Data excerpts:
***

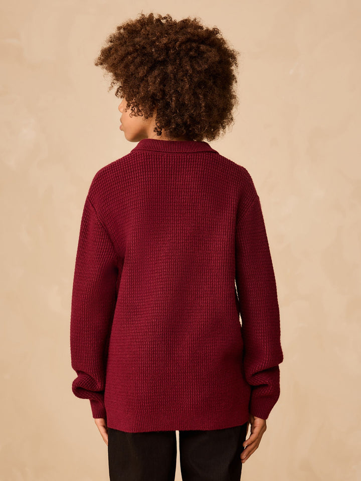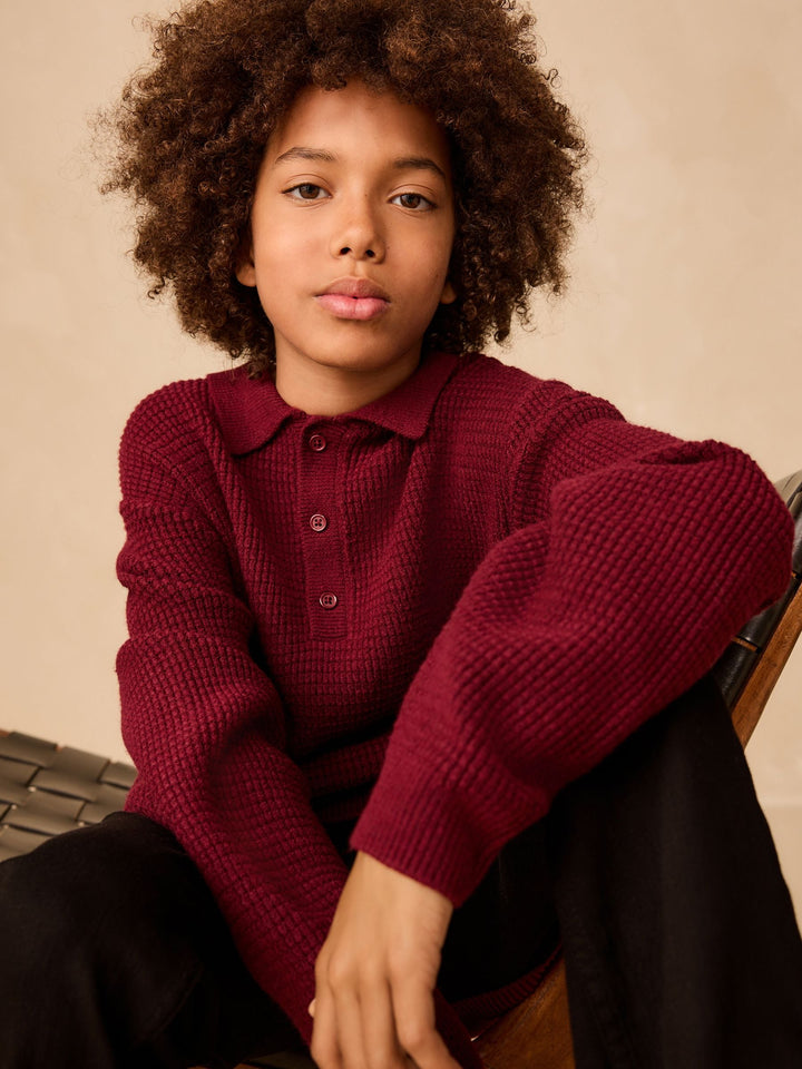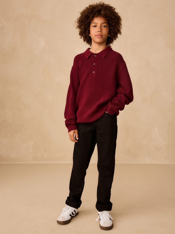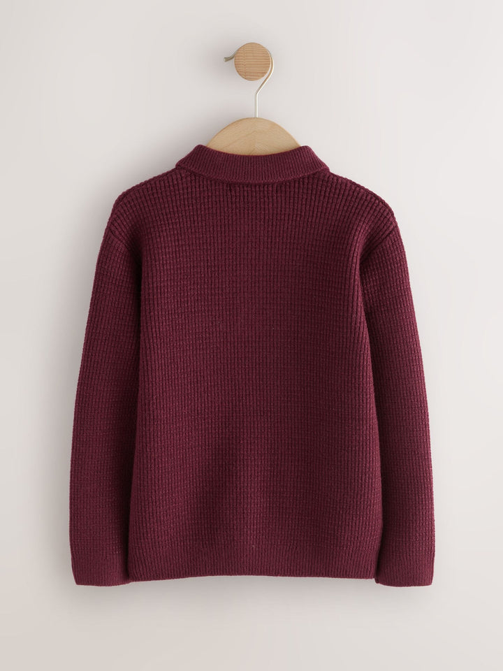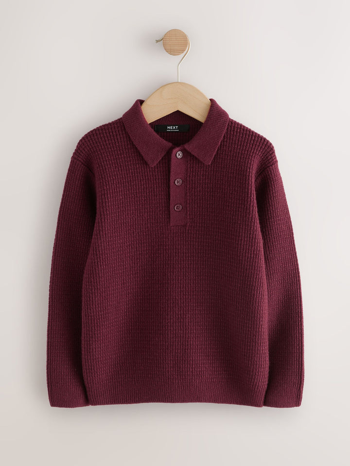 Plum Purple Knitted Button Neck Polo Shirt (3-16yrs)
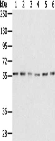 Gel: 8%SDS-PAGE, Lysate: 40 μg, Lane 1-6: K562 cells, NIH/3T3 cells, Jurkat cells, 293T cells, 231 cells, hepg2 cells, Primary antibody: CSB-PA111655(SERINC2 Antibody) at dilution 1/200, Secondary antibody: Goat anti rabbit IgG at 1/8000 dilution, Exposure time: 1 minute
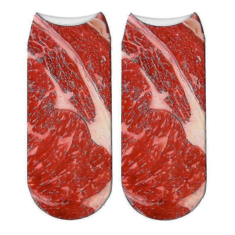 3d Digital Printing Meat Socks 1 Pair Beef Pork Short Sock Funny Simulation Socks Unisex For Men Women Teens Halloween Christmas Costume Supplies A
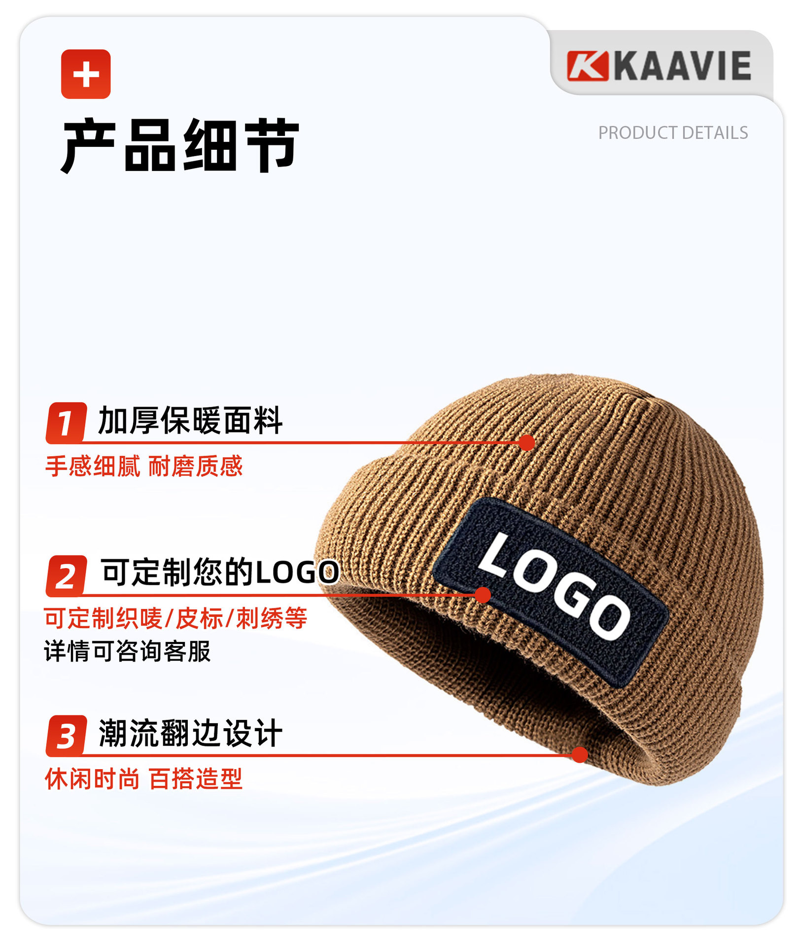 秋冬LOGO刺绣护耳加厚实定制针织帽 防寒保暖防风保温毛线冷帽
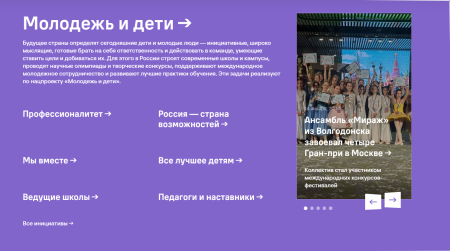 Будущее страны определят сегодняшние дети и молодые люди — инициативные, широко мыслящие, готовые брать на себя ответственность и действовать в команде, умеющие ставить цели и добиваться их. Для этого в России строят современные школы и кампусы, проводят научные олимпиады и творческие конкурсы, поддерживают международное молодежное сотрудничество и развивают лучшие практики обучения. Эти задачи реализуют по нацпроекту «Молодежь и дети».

***

_The task_
Find the line containing "秋冬LOGO刺绣护耳加厚实定制针织帽 防寒保暖防风保温毛线冷帽" in the records above, then copy it and every line after it exactly, through the last one, without any pictures.

_Response for this exercise_
 秋冬LOGO刺绣护耳加厚实定制针织帽 防寒保暖防风保温毛线冷帽
 Будущее страны определят сегодняшние дети и молодые люди — инициативные, широко мыслящие, готовые брать на себя ответственность и действовать в команде, умеющие ставить цели и добиваться их. Для этого в России строят современные школы и кампусы, проводят научные олимпиады и творческие конкурсы, поддерживают международное молодежное сотрудничество и развивают лучшие практики обучения. Эти задачи реализуют по нацпроекту «Молодежь и дети».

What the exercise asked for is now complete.